Greater Number of Capillary Endothelial Cell Mitochondria in Brain Than in Muscle

The selective permeability of the brain mircrocirculatory bed (the blood-brain barrier-BBB) is widely believed to have its locus at the brain capillary endothelial cell. Whereas capillaries in other tissue are nonspecifically permeable to all small molecules by virtue of open clefts between endothelial cells, cellular fenestrae and pino-cytosis, these nonspecific routes of exchange are virtually absent in brain, and transcapil-lary exchange probably takes place through the membranous walls and the cytoplasm of endothelial cells. Although most organic molecular exchange is probably bidirectional and net flux is determined by concentration gradients, recent studies have suggested a unidirectional flux out of the brain for potassium, iodide and organic anions (1-3).

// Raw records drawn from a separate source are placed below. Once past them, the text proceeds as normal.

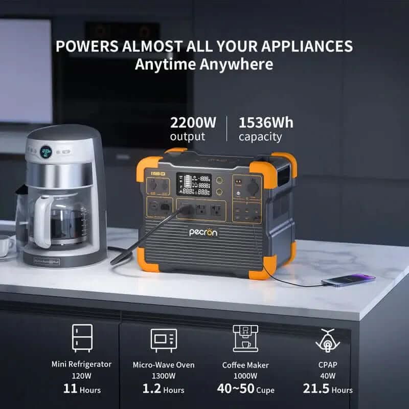 Pecron E1500LFP has an excellent load capacity of 2200 watts, and has super fast charging. It can meet regular outdoor and home emergency use, and its compact design is very convenient to carry. You can use WIFI remote control the E1500LFP power station even when you are away at work!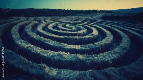 labyrinth, hay, field, spiral, agriculture, farm, rural, pattern, design, countryside, texture, nature, crop, grass, land, path, summer, autumn, dusk, evening, twilight, landscape, nobody, curve, shape, formation, aerial, ground, horizon, scene, environment, growth, wheat, plant, farming, bale, yellow, structure, up high, perspective, huge, open, wide, calm, peaceful, tranquil, quiet, scenic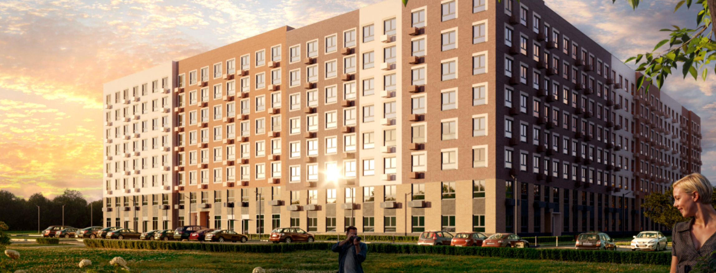 Во дворе дома детская и спортивная площадка, парковка для автомобилей.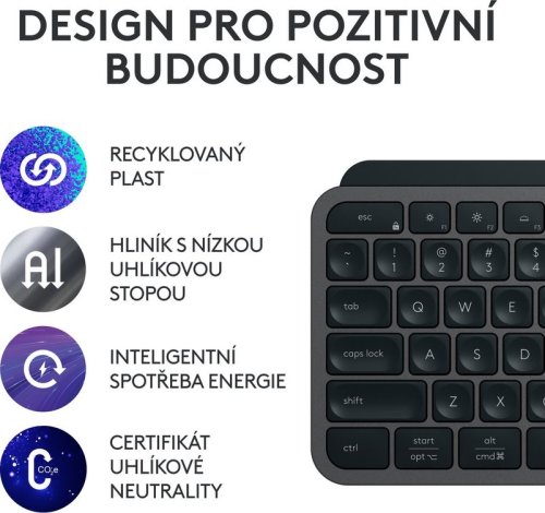 Podsvietené klávesy sa rozsvietia, keď sa vaše ruky priblížia ku klávesnici, a ich jas sa automaticky zníži alebo zvýši s ohľadom na vaše prostredie. Ovládajte dobu a jas podsvietenia klávesnice MX Keys S v Logi Options+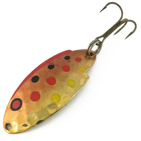 L'ottone dorato martellato crea una superficie altamente riflettente per la colorazione Hammered Golden Rainbow Trout, accentuata da vivaci punti rossi, gialli e neri. Questo ondulante prodotto negli USA, codice prodotto 6824, è conservato in condizioni 5/5 e non mostra segni di utilizzo in pesca. Con una lunghezza di 4 cm (1 1/2") e un peso di 5 g (3/16 oz), il corpo metallico presenta una caratteristica curvatura a goccia e una finitura testurizzata per massimizzare i bagliori durante il lancio o la traina. Il retro è chiaramente stampato con il marchio Thomas, il numero di modello T101 e il nome Buoyant. È dotato di un robusto anello spaccato e di un'ancoretta bronzata, mantenendo tutta la componentistica originale in eccellente stato.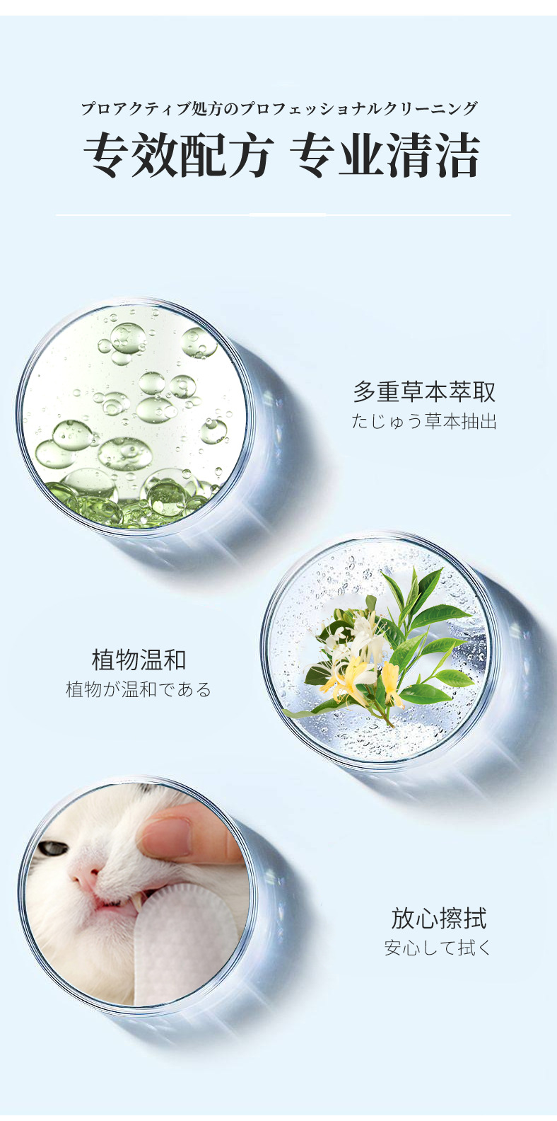 ● 多重草本萃取,溫和植物配方,放心擦拭。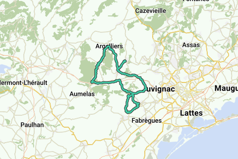 Vailhauquès, Montarnaud, Bel-Air, St Georges, Murviel, Cournonterral, Pignan, Chemin des Gardies, Murviel, St Paul, vers La Taillade, Route des Carrioles, La Boissière, Argelliers, Vailhauquès
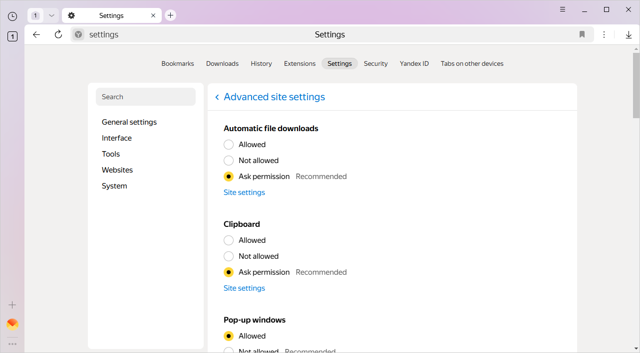 If Yandex Browser rules interfere with how you use a website, you can set an exception for this site. For example, you can allow Yandex Maps to determine your location automatically, but have all other sites ask for your permission.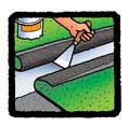 Las juntas entre dos rollos se pegan con la ayuda de una cinta especial de encolado. Debes poner la cinta en el centro de las juntas dobladas, con el lado basto hacia arriba. Es aconsejable fijar la cinta clavándola con clavos galvanizados por el inicio, centro y final.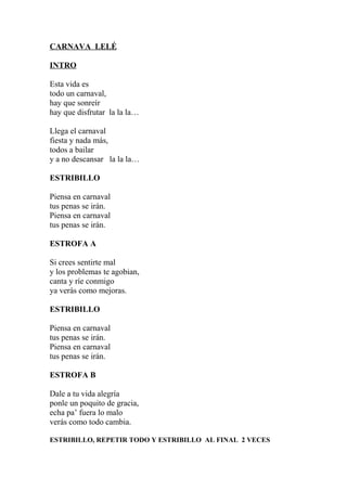 El documento presenta dos canciones escritas por alumnos de 6o primaria del CEIP Domínguez Alfonso para el carnaval de febrero de 2014 en Tenerife. La primera canción, "Orotavense de corazón", expresa el orgullo y la alegría de unirse a las celebraciones del carnaval con amigos. La segunda canción, "Carnavalelé", habla de cómo el carnaval puede alegrar la vida y alejar las penas bailando y disfrutando de la fiesta.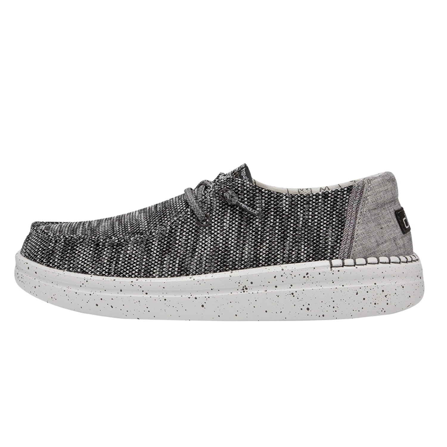 Heydudes iconic low-top moc with a custom look. Plus a little extra height and a little extra cushion. Still super lightweight.

Such uphill unidirectional transport would require a source of energy in the brain capillary endothelial cell.

If the brain capillary wall performs an energy-dependent excretory function as a substantial part of its total metabolic work, it might be expected that brain capillary endothelial cells would contain more mitochondria than a tissue with nonspecifically permeable capillaries, such as skeletal muscle.

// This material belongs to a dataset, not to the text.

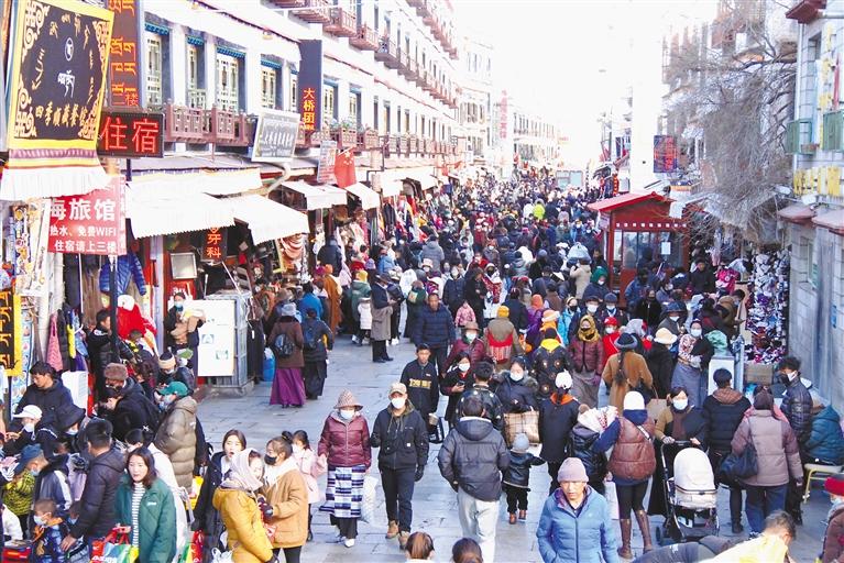 沖賽康市場、八廓商城、拉薩市區(qū)各大小超市……熱鬧非凡、人頭攢動,處處都是為了采購藏歷新年年貨樂此不疲的居民群眾,耳邊盡是熟悉的吆喝聲,到處都是歡樂與喜慶。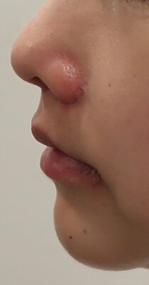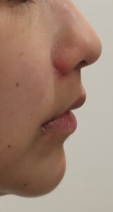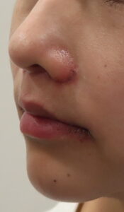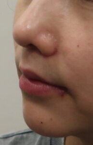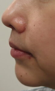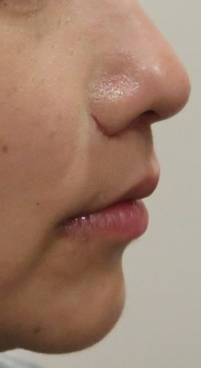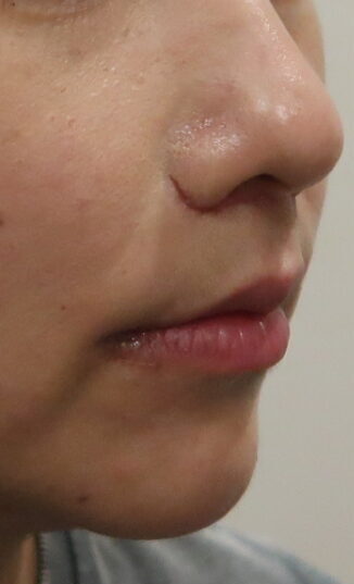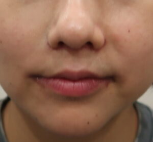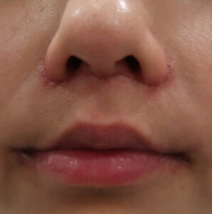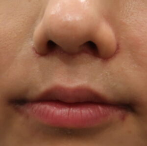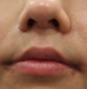 実はその後、両側鼻柱基部と人中陵に真皮縫合の糸を架けています。透明の糸ですが、左は赤唇前に見えますね。

Materials and Methods. To test this hypothesis, rat brain and skeletal muscle capillaries were examined by electron microscopy and counts made of the number of mitochondria encountered in random sections. A 175-g male Wistar rat on routine diet and in apparently good health, was sacrificed, routinely perfused with glutaral-dehyde, embedded, and sectioned for electron microscopy. Anesthesia was induced with 35% chloral hydrate and respiration supported with 95% O₂ and 5% CO₂. Two tenths milliliter heparin and 0.8 ml 1 % NaNO₂ were injected intracardiac, and a cannula was placed in the ascending aorta. The right atrium was cut, and the rat perfused with 500 ml 1.25% glutaraldehyde and 1% paraformaldehyde in 0.135 M phosphate buffer at pH 7.2. The animal was cooled for 4 hr in a plastic bag at 4°. Six blocks were taken from cerebellar vermis and six blocks from the vastus medialis muscle; washed in dextrose buffer, secondarily fixed with 1 % buffered osmium tetroxide, dehydrated, and embedded in epon resin 812. Thick sections were used to select capillaries; thin sections were stained with both uranium and lead.